If the benchmark collection included typical PPL code whose performance was impacted by loop overhead, and improvements could be made to reduce loop overhead, that would seem to be a good thing to make happen. (Or, at least, a good thing to monitor. And such benchmarks would be reflective of real-world use. So adjusting the system to benefit such code [to improve those benchmarks] would seem entirely appropriate.)

If we're focused too much on one particular line, changes aimed at improving performance may well improve the performance of that one line, but at the cost of others. (At an abstract level, it's a bit like compression: performance is improved for some programs, but at the cost of others. Usually "the others" are not the sort of programs that are of concern [e.g., execute extremely quickly in any case], although this line of reasoning can become less abstract and more practical as performance improves.)

My plan was to have benchmarks run in the standard way as standard PPL programs (apps are also a possibility) on physical calculators so as to get measurements of the "whole picture" (well, as regards the performance of PPL programs on HP Primes). If we want to aim at code snippets, some other approaches are possible (do the looping outside of the PPL interpreter --- the graphing engines do this sort of thing, and also carry some interpreter state information across evaluations to avoid setup costs).

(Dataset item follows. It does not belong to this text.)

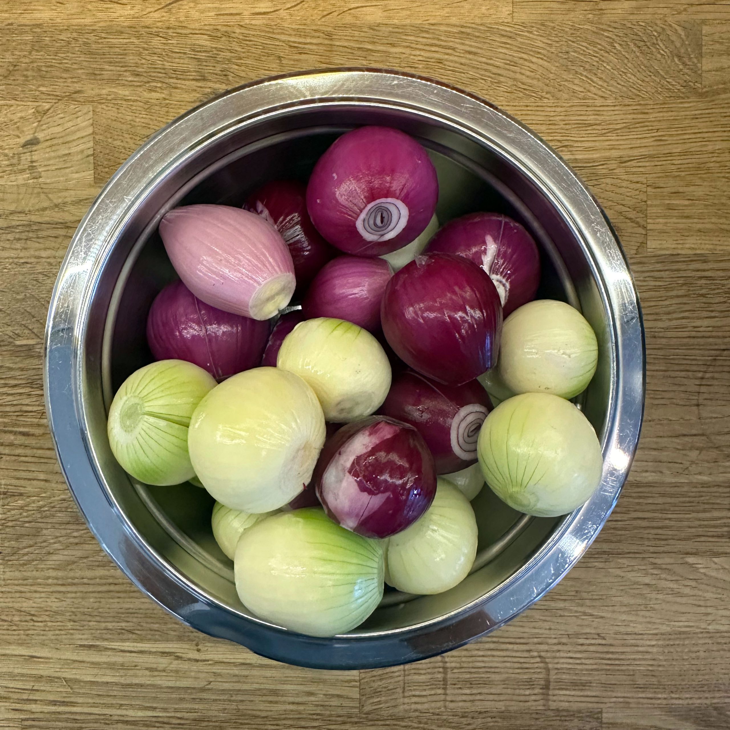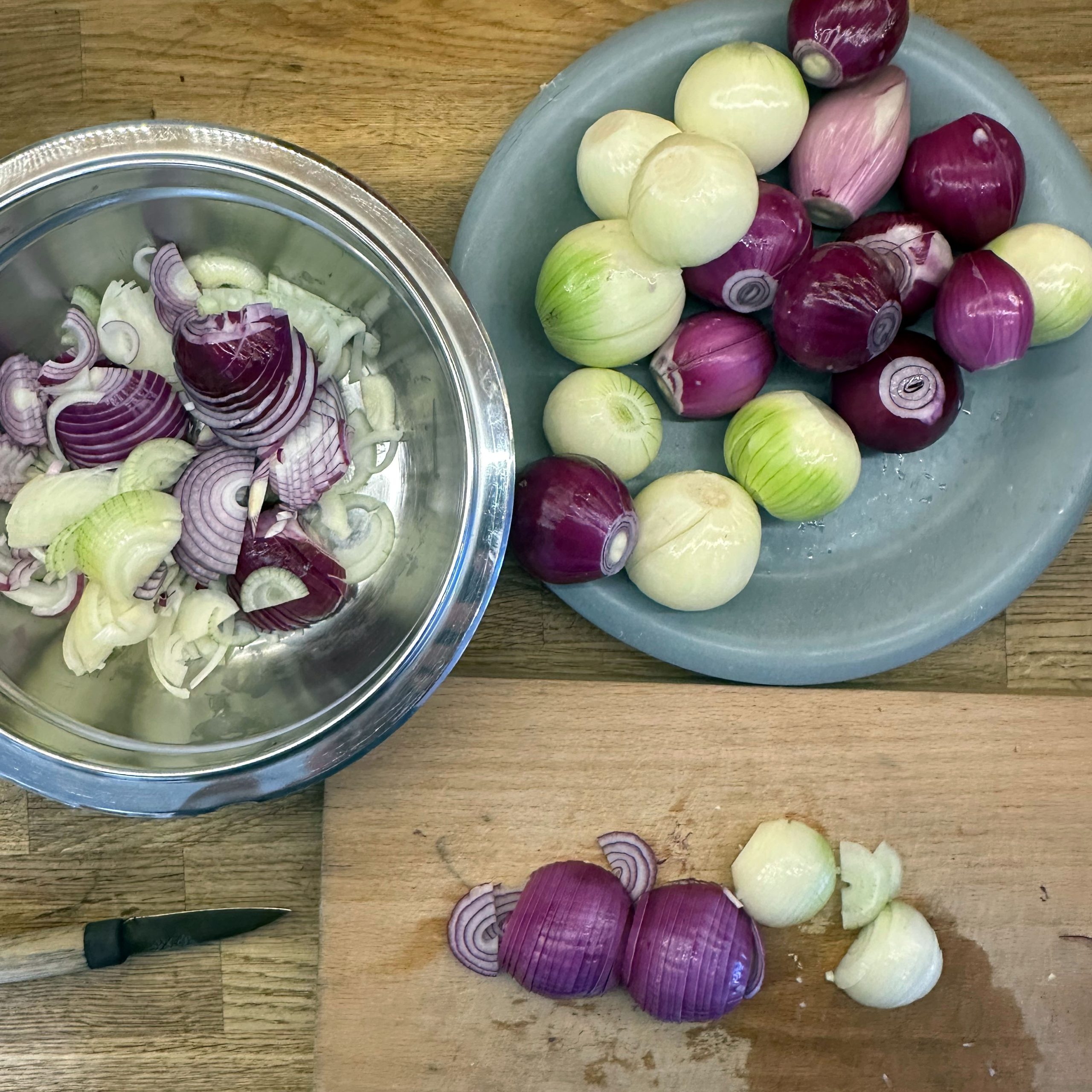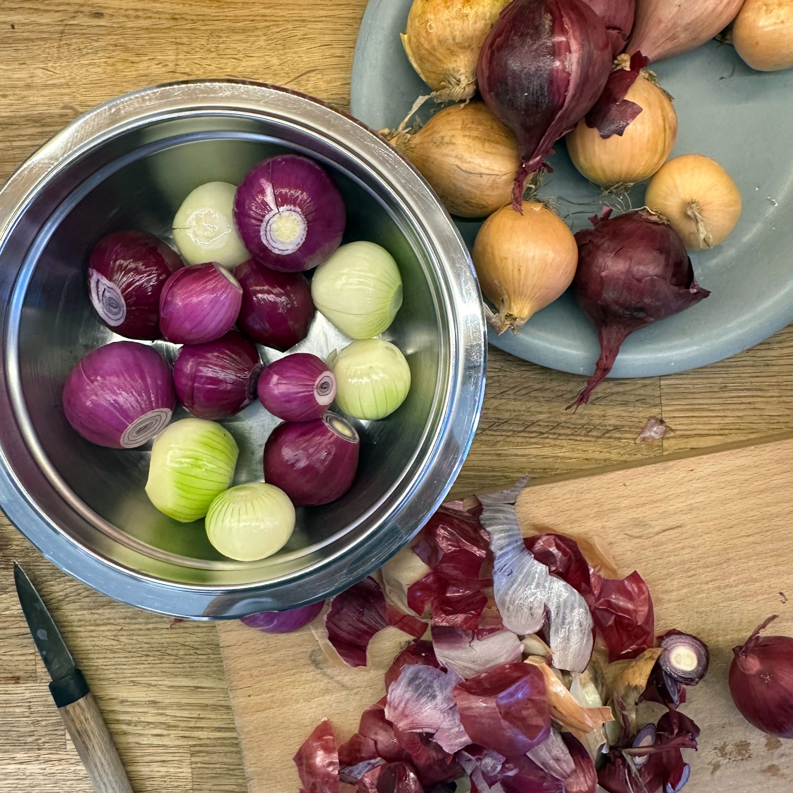 Anlässlich des 20-jährigen Einzugsjubiläums wird auf der Straße mit Grill und Glühwein bei Minus-Temperaturen gefeiert. Ich steuere Zwiebelkuchen und frische Waffeln bei. Für den Zwiebelkuchen den Teig schon 36h vorher ansetzen: 800 g Mehl mit Wasser, Öl, Salz und 3 g Trockenhefe zu einem Teig vermischen, abgedeckt im Kühlschrank gehen lassen, alle 6 Stunden ziehen und falten. 1,5 kg gemischte Zwiebeln schälen und in Ringe schneiden, in einem Wok 40 Minuten braten und dünsten, mit Salz, Pfeffer, Thymian und Kümmel würzen. Die abgekühlten Zwiebeln mit 2 Bechern Crème fraîche vermischen. Den Teig 2h vor dem Backen in zwei Hälften teilen und ruhen lassen. Die Teiglinge auf Backpapier ca. 1 cm dick ausrollen, mit der Hälfte der Zwiebelmasse bestreichen und im Backofen bei 200° ca. 30min backen. Für den Waffelteig 250 g Zucker, 3 EL Vanillezucker, 1 TL Salz, 1 EL Backpulver und 6 Eier mit dem Rührgerät verrühren, 400 ml Milch unterrühren, dann 600 g Mehl schrittweise hinzufügen und gut vermengen. Den Teig etwas stehen lassen und im Waffeleisen ausbacken. Mit warmem Nutella bestrichen servieren.

(10-01-2023 06:09 PM)komame Wrote: ⋮

Code:

EXPORT BENCHMARK() BEGIN FOR I FROM 1 TO 100 DO ΣLIST(MAKELIST(RANDOM(1),X,1,1000)) END; END;
write it as

Code:

EXPORT BENCHMARK() BEGIN FOR I FROM 1 TO 20 DO ΣLIST(MAKELIST(RANDOM(1),X,1,1000)) ΣLIST(MAKELIST(RANDOM(1),X,1,1000)) ΣLIST(MAKELIST(RANDOM(1),X,1,1000)) ΣLIST(MAKELIST(RANDOM(1),X,1,1000)) ΣLIST(MAKELIST(RANDOM(1),X,1,1000)) END; END;

This is precisely what I meant by loop unrolling (it is an example of loop unrolling), in case I wasn't clear.

(10-01-2023 06:09 PM)komame Wrote: ⋮
That's why I showed measurements for the variability in the speed of empty loops (without code inside) between different firmware versions because in the scenario described above, these changes can have a significant impact on measurement results and lead to incorrect conclusions (for example, you make a change in the firmware, and then you might think that due to that change, the operation being measured inside the loop takes longer, even though it operates at the same speed; it's just that the loop itself runs slower internally). Reducing the number of loop iterations while maintaining the same number of executions of the measured operation will result in a smaller impact of the loop handling on the measurement results.
However, perhaps I'm being overly precise with this...

As an abstract comment: automation (automated benchmarking) can help us get a better handle on variability as it is more practical to run more tests. (Both across revisions, but also how other factors influence performance.)

If there are a substantial number of benchmark programs, my intuition is that performance changes involving things like loop overhead would show up across a large swath of the results. Thinking on it now, it seems that if loop unrolling is to be used, having that explicitly mentioned in the specially-formatted benchmark comment lines would be proper. I was going to write a bit more about this, but then...

My aha! Idea

moment: I was assuming the goal wasn't to measure tiny snippets of fast code --- code small enough that putting it into a loop would substantially adjust its performance. (That the time spent for the entire "real world" use being measured is substantially affected by wrapping it in a loop that executes once.)